# What you need to do:
An exact copy of the lines from the top of the data through the line with "Charlie: The UNfair" is what you should give, with no pictures in it.

Segment Start: Source data

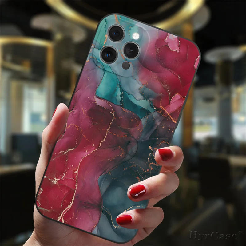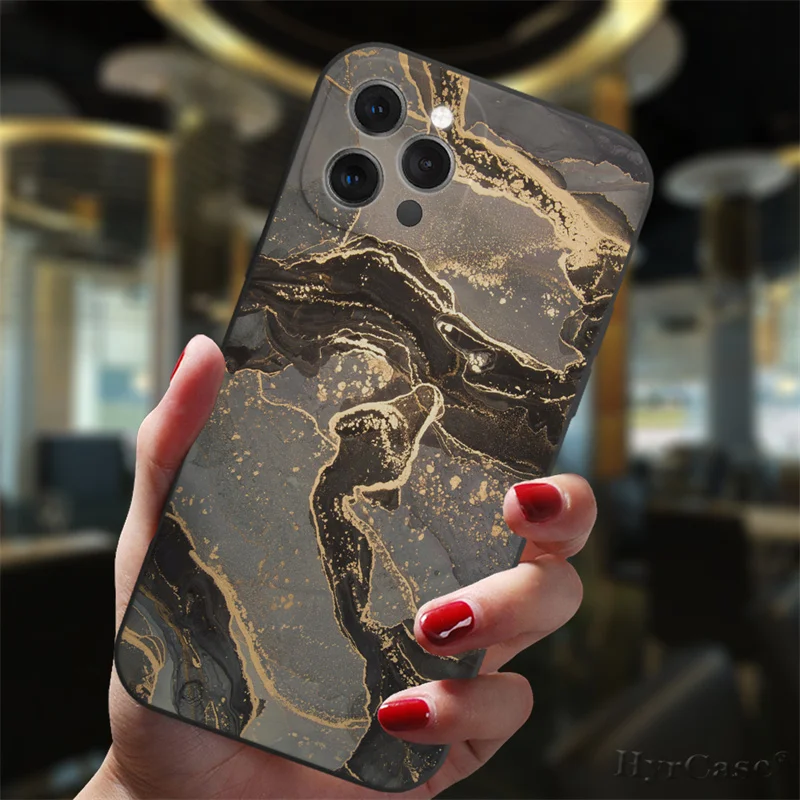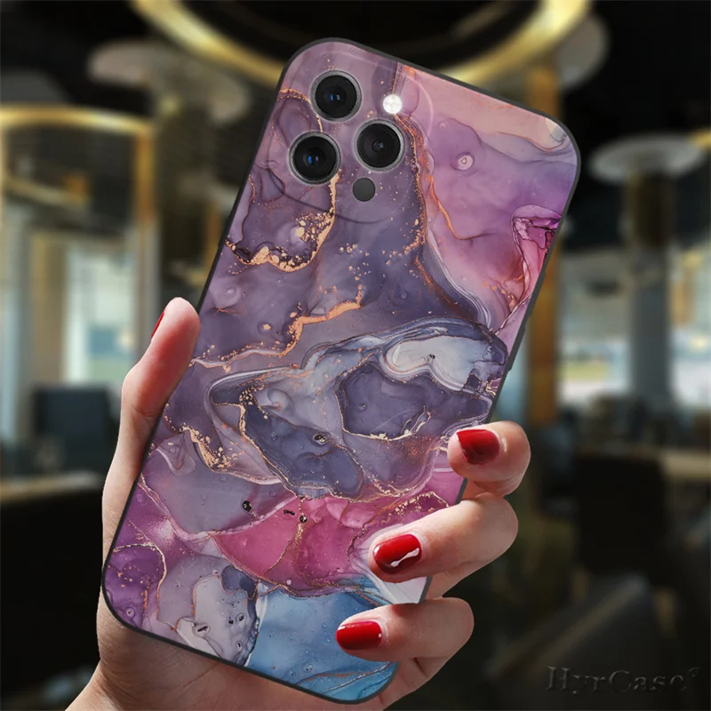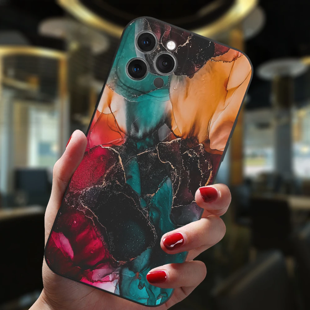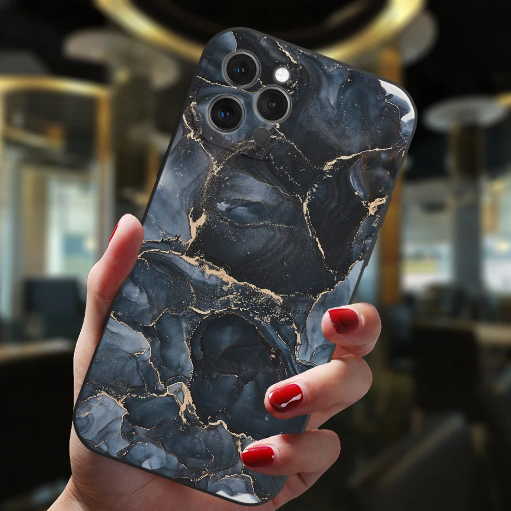 Para iPhone 13 12 11 14 Pro Max Mini XS XR 14Plus funda negra Popular gradiente de mármol del océano moda silicona suave cubierta mate
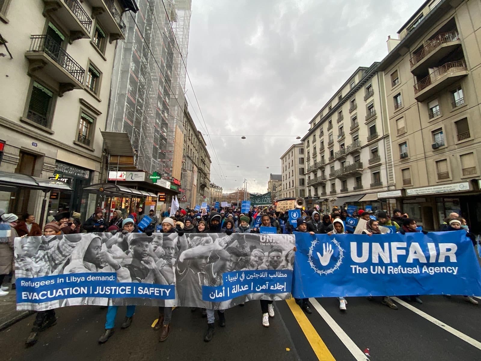 Charlie: The UNfair campaign started at the end of last year, and it specifically targets the UNHCR. It's basically a continuation of the protests and demands of Refugees in Libya, brought from Tripoli to Europe. We had two action days in Geneva, where the UNHCR head office is, on 9 and 10 December, International Human Rights Day.
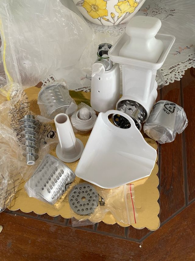Dettagli del prodottonon so esattamente di quale robot da cucina facessero parte poiche’ io li compro, non li uso e quindi per fare spazio li rivendo. presumo siano del robot tritacarne rgv che non ho piu’. date una occhiata se per caso usate il tritacarne e li riconoscete: credo siano per fare tutto, anche per verdure, per grattuggiare il parmigiano, per fare salsicce e lavorare i pomodori. li avevo comprati successivamente ed anche questi accantonati e mai usati. sono molto costosi presi singolarmente. li vendo in blocco a 50€ oppure a singolo pezzo se ve ne interessa uno in particolare. li rivendo a meno del 50% del loro prezzo seppur nuovissimi.

Segment End: Source data

# Exercise response:
 Para iPhone 13 12 11 14 Pro Max Mini XS XR 14Plus funda negra Popular gradiente de mármol del océano moda silicona suave cubierta mate
 Charlie: The UNfair campaign started at the end of last year, and it specifically targets the UNHCR. It's basically a continuation of the protests and demands of Refugees in Libya, brought from Tripoli to Europe. We had two action days in Geneva, where the UNHCR head office is, on 9 and 10 December, International Human Rights Day.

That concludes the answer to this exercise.